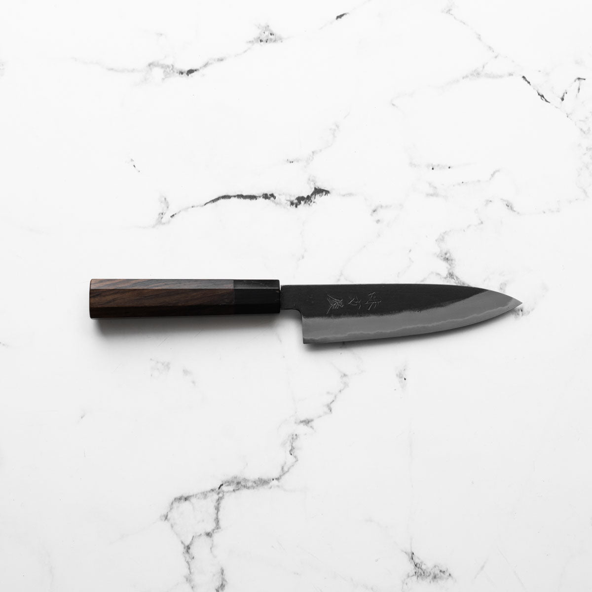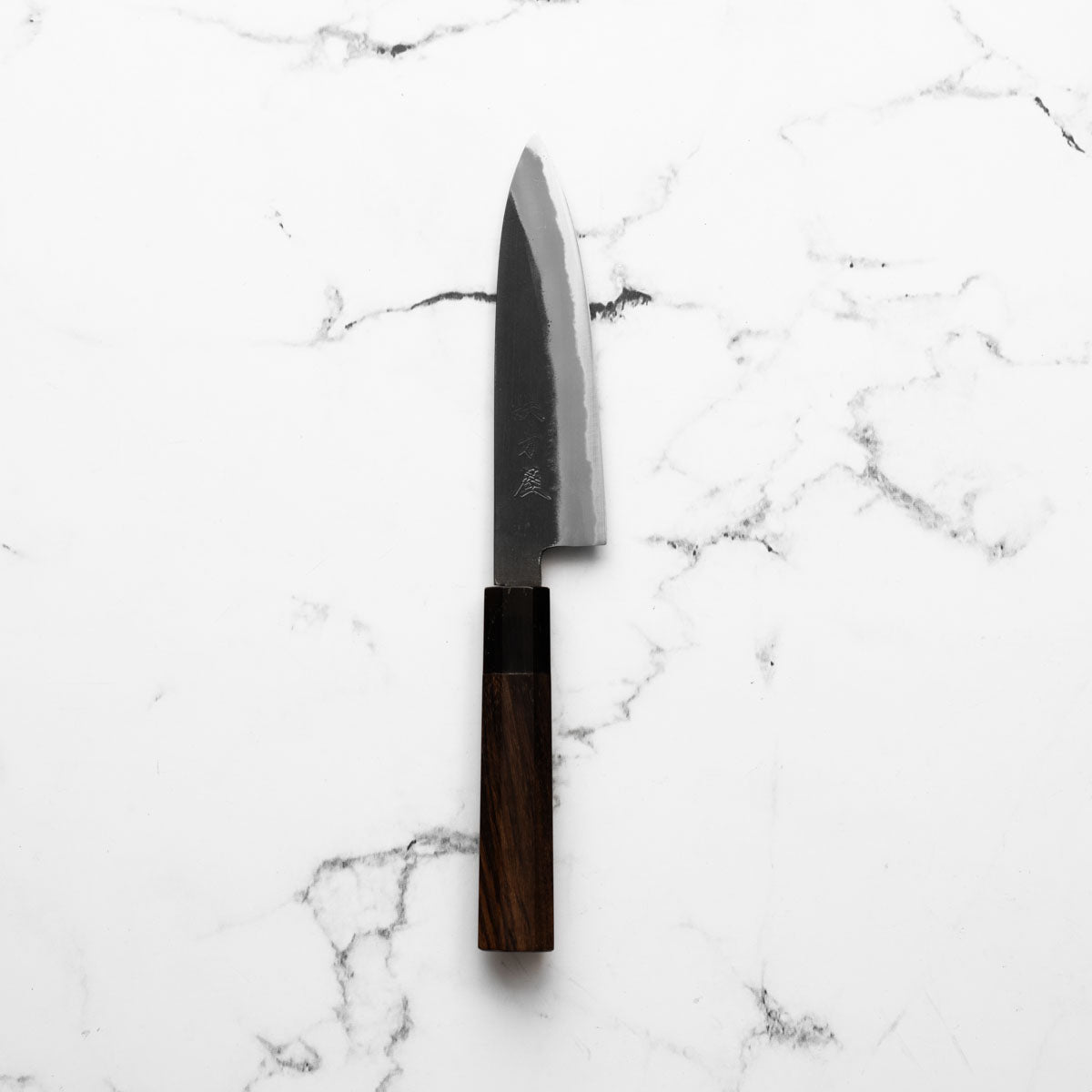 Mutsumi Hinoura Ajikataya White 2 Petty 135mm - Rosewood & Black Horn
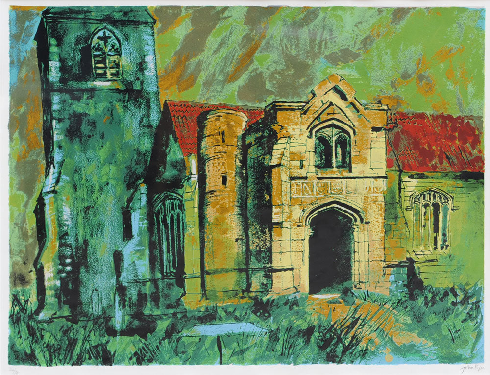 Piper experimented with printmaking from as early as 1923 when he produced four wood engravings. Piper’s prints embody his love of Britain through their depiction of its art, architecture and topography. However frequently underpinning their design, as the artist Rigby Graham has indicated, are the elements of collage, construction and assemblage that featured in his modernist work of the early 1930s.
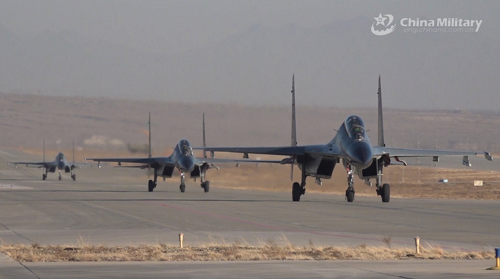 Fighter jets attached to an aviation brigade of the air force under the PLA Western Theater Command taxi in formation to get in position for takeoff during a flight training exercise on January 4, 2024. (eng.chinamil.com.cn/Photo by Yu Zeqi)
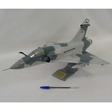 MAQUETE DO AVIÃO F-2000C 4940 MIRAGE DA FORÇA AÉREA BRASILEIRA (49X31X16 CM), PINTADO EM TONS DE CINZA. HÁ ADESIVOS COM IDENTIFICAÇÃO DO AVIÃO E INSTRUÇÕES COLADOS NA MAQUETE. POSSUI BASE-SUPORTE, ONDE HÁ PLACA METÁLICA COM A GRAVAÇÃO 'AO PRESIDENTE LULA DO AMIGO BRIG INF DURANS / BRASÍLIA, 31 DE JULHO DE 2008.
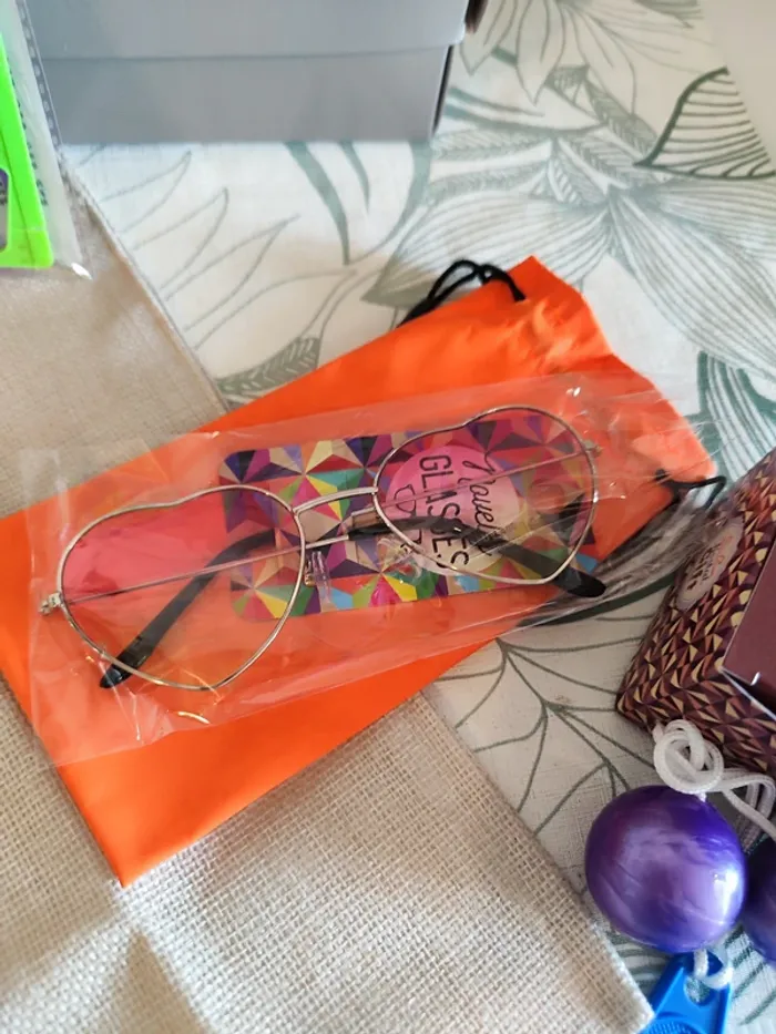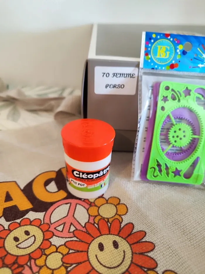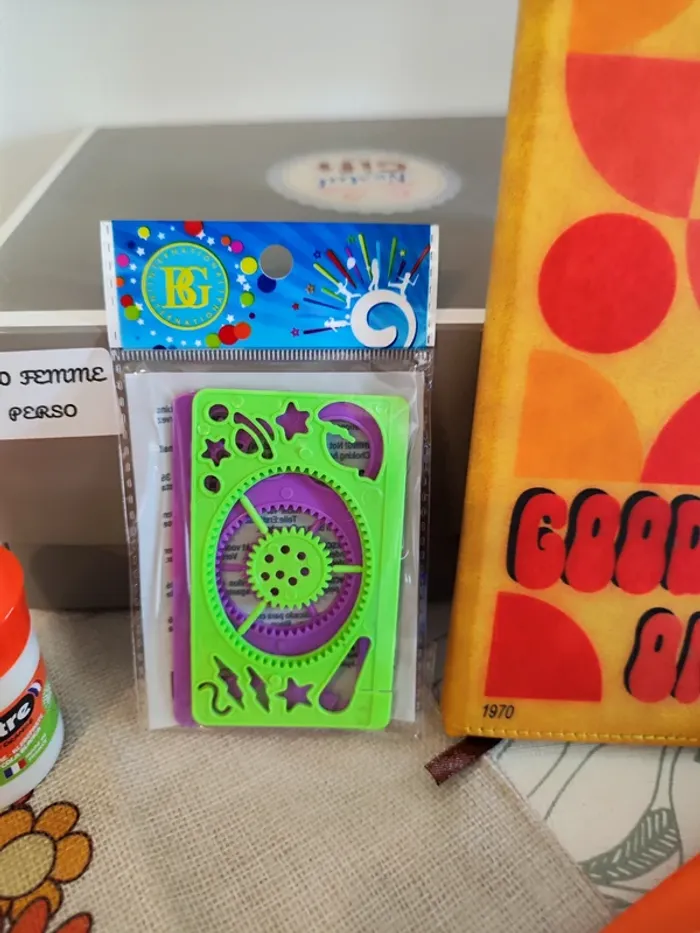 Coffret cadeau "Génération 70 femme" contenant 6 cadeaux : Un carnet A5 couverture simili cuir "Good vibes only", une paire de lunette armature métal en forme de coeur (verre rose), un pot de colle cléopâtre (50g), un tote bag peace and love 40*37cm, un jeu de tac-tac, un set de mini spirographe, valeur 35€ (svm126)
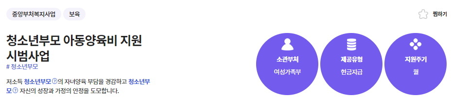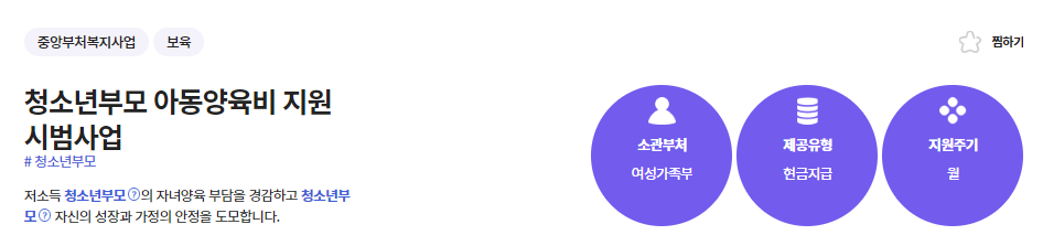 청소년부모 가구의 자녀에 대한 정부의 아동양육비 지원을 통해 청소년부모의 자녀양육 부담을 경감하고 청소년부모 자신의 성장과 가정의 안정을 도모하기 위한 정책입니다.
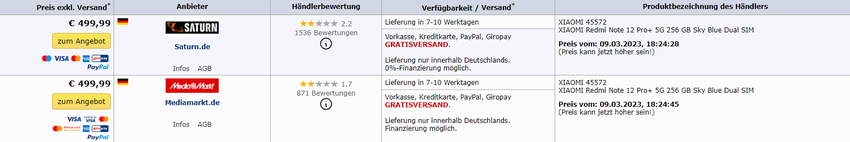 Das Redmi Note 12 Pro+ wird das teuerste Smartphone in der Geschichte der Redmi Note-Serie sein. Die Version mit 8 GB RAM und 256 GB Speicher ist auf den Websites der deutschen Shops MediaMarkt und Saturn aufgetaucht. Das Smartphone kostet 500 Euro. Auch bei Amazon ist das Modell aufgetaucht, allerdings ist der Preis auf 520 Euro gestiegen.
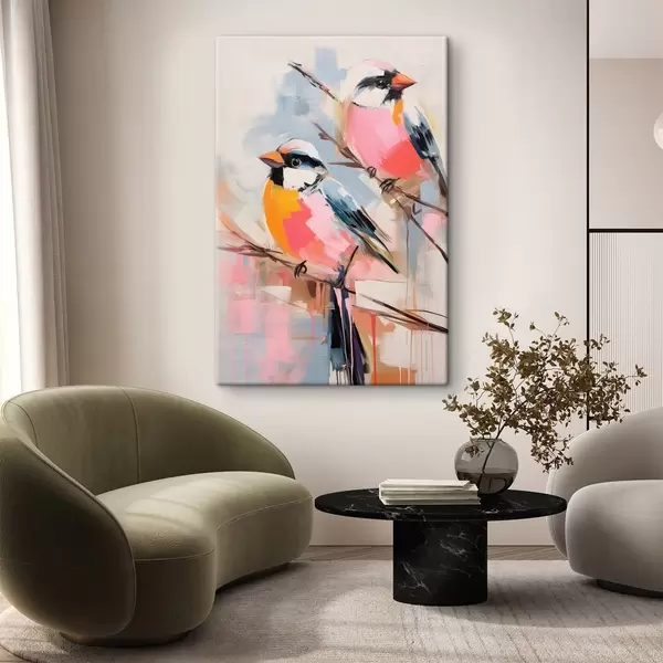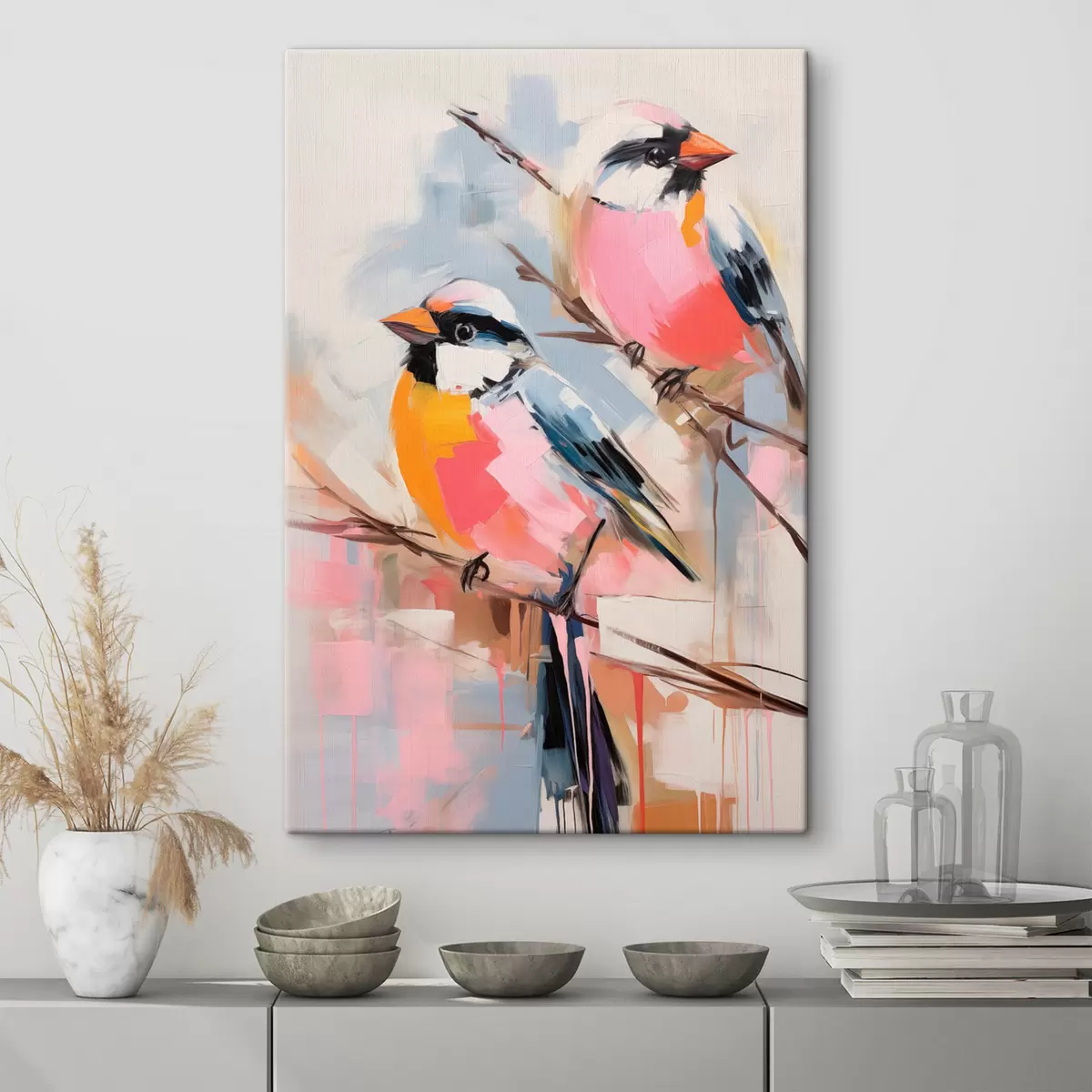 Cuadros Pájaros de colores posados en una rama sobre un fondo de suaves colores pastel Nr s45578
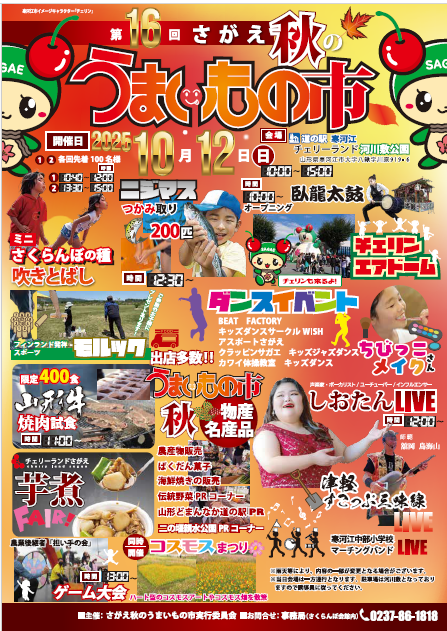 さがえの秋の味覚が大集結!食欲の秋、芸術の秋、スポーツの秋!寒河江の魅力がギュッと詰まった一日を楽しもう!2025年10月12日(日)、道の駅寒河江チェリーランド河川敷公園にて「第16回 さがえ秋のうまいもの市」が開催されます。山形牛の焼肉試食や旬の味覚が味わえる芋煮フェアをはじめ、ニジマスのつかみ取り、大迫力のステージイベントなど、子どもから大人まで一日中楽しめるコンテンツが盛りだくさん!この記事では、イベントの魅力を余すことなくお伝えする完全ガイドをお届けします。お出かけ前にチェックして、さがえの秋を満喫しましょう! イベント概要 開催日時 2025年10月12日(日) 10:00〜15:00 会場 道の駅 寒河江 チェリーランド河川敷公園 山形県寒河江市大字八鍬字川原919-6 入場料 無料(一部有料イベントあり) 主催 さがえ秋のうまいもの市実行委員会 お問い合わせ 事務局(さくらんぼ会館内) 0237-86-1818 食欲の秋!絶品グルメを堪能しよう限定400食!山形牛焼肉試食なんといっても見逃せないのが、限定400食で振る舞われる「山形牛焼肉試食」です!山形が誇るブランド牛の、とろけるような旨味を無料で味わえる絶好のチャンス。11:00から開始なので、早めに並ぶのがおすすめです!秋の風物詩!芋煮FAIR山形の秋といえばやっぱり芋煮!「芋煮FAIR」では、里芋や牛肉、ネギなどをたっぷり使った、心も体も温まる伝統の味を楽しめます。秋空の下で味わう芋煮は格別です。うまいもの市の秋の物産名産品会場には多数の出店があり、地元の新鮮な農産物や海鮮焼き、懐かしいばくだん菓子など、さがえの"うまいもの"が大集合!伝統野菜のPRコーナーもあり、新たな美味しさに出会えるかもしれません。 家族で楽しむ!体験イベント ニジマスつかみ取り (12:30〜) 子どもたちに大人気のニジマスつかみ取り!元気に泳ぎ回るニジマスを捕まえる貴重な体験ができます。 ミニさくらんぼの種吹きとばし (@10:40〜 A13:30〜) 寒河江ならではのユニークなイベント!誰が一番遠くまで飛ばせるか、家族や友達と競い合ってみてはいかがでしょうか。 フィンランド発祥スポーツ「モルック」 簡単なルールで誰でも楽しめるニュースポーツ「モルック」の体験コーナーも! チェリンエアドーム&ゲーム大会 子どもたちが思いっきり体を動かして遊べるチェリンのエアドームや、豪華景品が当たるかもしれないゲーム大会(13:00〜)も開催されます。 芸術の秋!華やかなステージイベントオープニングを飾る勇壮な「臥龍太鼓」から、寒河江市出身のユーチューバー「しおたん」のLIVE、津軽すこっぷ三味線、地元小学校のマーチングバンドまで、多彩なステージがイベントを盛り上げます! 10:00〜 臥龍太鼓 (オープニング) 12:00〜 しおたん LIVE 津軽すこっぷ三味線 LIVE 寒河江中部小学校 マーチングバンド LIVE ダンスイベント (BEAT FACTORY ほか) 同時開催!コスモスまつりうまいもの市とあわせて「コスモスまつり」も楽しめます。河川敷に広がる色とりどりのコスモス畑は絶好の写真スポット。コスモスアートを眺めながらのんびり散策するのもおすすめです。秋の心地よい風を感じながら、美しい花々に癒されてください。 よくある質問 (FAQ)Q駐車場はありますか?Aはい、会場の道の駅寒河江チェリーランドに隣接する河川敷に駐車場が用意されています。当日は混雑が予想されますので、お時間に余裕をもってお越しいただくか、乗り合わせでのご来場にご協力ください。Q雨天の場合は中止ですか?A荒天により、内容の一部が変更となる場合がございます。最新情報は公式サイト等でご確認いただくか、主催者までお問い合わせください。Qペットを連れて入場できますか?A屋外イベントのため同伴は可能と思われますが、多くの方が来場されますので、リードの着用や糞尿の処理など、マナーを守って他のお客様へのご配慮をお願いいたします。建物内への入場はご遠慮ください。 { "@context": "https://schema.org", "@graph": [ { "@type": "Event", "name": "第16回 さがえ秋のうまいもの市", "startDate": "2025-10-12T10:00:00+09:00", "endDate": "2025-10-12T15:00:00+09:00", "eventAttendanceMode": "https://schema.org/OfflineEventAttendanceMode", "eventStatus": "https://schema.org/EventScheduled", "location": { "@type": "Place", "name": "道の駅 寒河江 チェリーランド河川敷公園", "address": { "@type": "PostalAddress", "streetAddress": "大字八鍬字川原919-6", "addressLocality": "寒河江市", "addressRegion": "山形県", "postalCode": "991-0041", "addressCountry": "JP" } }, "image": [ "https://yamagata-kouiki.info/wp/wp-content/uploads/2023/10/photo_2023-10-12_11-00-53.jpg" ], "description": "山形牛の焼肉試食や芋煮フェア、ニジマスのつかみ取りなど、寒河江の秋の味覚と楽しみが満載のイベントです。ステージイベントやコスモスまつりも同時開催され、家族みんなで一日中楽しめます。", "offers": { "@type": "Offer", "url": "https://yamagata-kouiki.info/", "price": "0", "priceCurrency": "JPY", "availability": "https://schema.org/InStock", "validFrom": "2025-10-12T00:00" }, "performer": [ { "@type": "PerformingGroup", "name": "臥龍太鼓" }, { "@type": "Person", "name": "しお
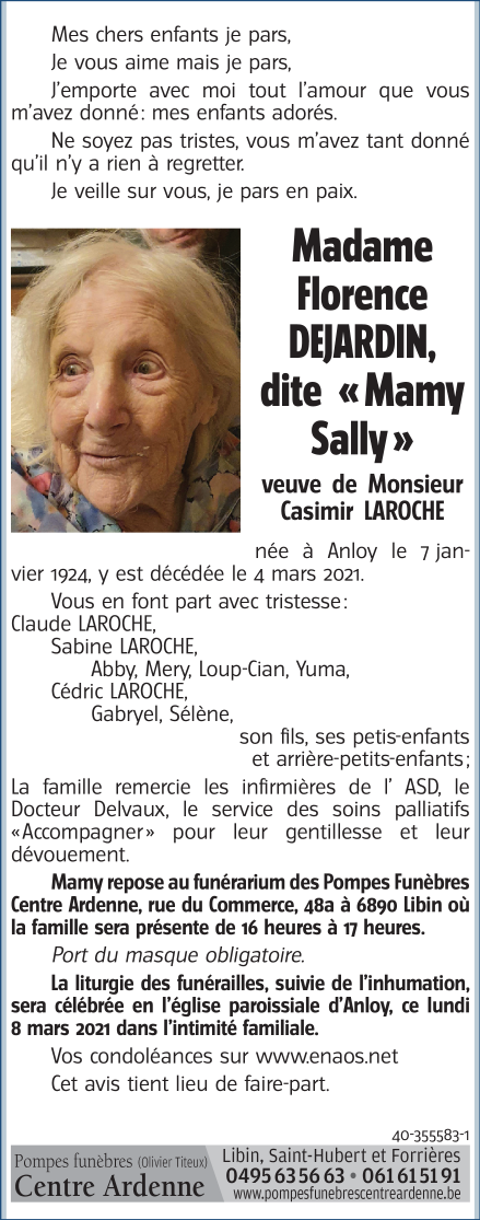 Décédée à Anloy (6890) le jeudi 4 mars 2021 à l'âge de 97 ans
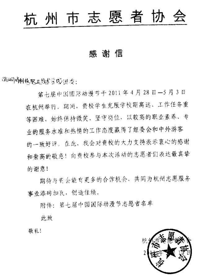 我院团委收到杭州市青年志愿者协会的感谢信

****************

WHAT IS BEING ASKED: Go to the line with "Décédée à Anloy (6890)" in the entries above. Reproduce that line and each one after it to the end, exactly and without the pictures.

RESPONSE AREA:
 Décédée à Anloy (6890) le jeudi 4 mars 2021 à l'âge de 97 ans
 我院团委收到杭州市青年志愿者协会的感谢信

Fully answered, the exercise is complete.